Examining the thinker is a fascinating practice that helps you imagine your mind as a part of you, but not “who you are.”

What is “the thinker” thinking, and why?

Step Two: Hold a Conversation Between You and Yourself

Here’s another simple practice to help you understand the difference between You and Your Self: the “insane” dichotomy that most people live throughout their lives without ever realizing it.

Have a short conversation where you list, side-by-side, differences in your “wants” and “needs” according to (a) the natural and glorious Truth of your Being — your pure, realized essence — and (b) your sense of Self, the contrived imagine of “Who I Am”.

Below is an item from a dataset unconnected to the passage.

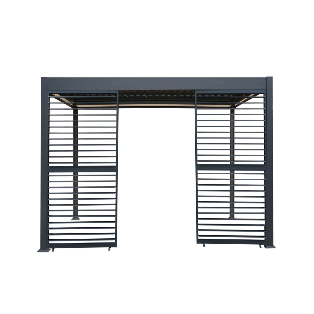Anthracite Aluminium Pergola With White Blinds & 2 Shutter Panels - 3m x 3m
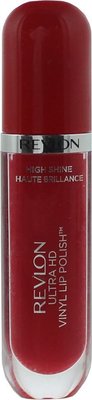 Get pout perfect lips with the Revlon Ultra HD Vinyl Lip Polish - Cherry On Top (5.9ml). It is infused with shea butter, vitamin E, and aloe vera extract to intensely condition and moisturise your lips. This richly-pigmented liquid lip colour also has a high-shine finish that offers full coverage in one stroke. Boasting a creamy mango and whipped vanilla fragrance, this Revlon lip colour does not feather or bleed and pleases the senses, giving you perfectly bold lips every day.

Here is my own conversation. The plain text is my ego talking, and the italicized text next to it is my truer self:

Ego / Truth

I wish I could give you all the answers. / But I understand that the only answer is that there isn’t one.

I wish I knew all of life’s the secrets. / Deep down, I’m thankful that such could never be the case.

I want them to like me. / But eventually, I know, that my success depends on their leaving me behind.

I daydream of the curtain dropping to reveal 50,000 cheers, bursts of fireworks and guitars blaring. / But instead I strum letters into refrains by the cluster, nodding my head to the tune of tapping keystrokes.

The more you let go, the more you understand. / Because the more I think I “know”, the less confident I am in any of it.

I know. / I understand.

Speak. / Listen.

Get loud. / Become quiet.

Lead them, because you’re the one. / Lead them, because you are all One.

So, what does the conversation between You and Your Self sound like?